In 2016, before Trump won his first presidential election, an internal Department of Homeland Security (DHS) watchdog found 315,000 fingerprint files for immigrants who had been deported or convicted of crimes had not been uploaded to a database that cross-checks immigrant applicants’ identities.

Among those 315,000 files, officials found that only 858 people had been ordered deported but had successfully applied for citizenship under a different identity.

Despite the low incidence of fraud, even in a list of deportees and convicts, the first Trump administration channeled significant resources away from processing new applications and toward digging for dirt in old files.

In fiscal 2019, Immigration and Customs Enforcement (ICE) pulled more than $200 million from processing to fund “Operation Second Look” and “Operation Janus,” the Obama-era initiative born out of the internal report highlighting the fingerprint database.

And organizations such as the American Civil Liberties Union warned the denaturalization force was likely to discourage some eligible legal permanent residents from seeking naturalization.

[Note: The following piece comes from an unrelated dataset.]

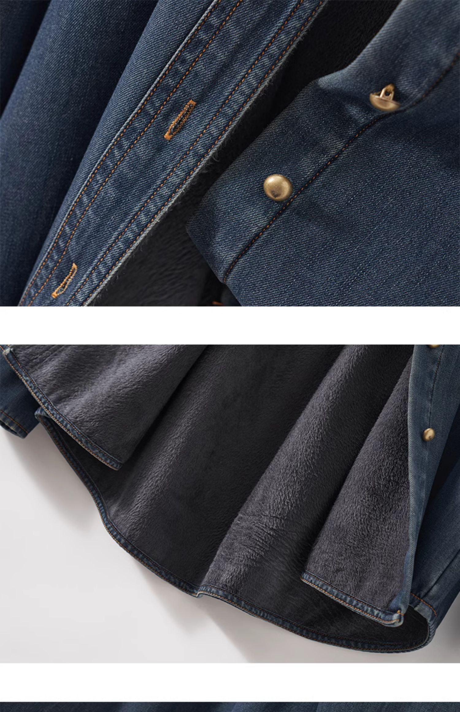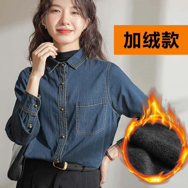 진한 파란색 복고풍 어깨 데님 셔츠 여성용 양털 안감 24 새로운 가을과 겨울 작은 내부 착용 부드러운 탑

“I think what we're going to see in the second Trump administration is a continuation of attempts that started the first administration to cut legal immigration through various means. We’re likely to be surprised at some of the actions, but I think the overall goal will be to have less legal immigration, and over the course of the coming decades, that could even be felt,” Anderson said.

“But in the more immediate term, you're likely to see a lot of disappointed Americans who are looking to sponsor loved ones. You're going to see some disappointed employers, and you're very likely to see American consumers not able to get some of the services they want to be provided, being provided for them,” he added.

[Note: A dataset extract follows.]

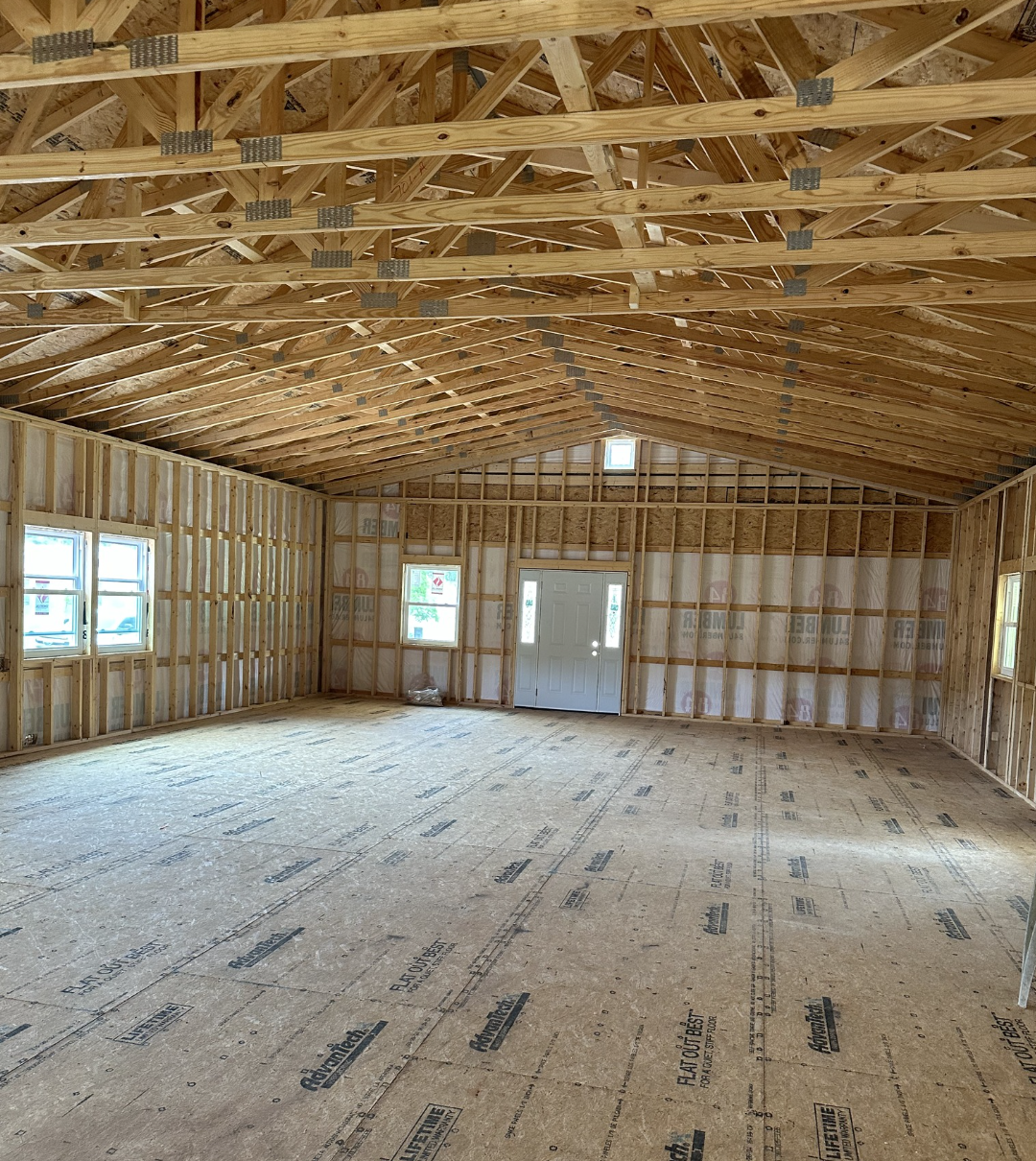 The interior of this Amish cabin is left open for creative finishing, delivered as a weather-tight shell that is a blank canvas for the owners to design as they desire. The large open area with the high 10-foot sidewalls provide a perfect basis for living rooms, multiple bedrooms, a large kitchen, or even separate areas for work and family gathering. It is not uncommon for the buyer to add after delivery insulation, division walls, flooring, electrical and plumbing systems, along with built-in furniture. Having a sizable indoor environment presents flexible planning opportunities which can cater to a family that is growing, residing in multiple generations, or having a very specific lifestyle in fact, the interior can be modified through the different stages of life.

While denaturalizations are unlikely to have a demographic impact by themselves, some economists fear reduced immigration could slow the broader economy.

Because of the dual impact of coronavirus and restrictive policies on immigration between 2016 and 2022, GDP growth in 2022 was an estimated 1.3 percentage points lower than it would have been, according to an NFAP study by economist Madeline Zavodny.

Many economists fear a second Trump administration will enact restrictive policies and reassign resources away from servicing applications, stunting labor force growth — a major factor in broader economic growth.

“Historically, we have had a growing labor force almost throughout all of American history that has contributed to the fast, rapid economic growth in the United States. And if you remove a major source of that labor growth, whether it's undocumented workers or legal immigrants, you're going to likely slow down the overall growth rate,” said Robert Lynch, professor of economics at Washington College.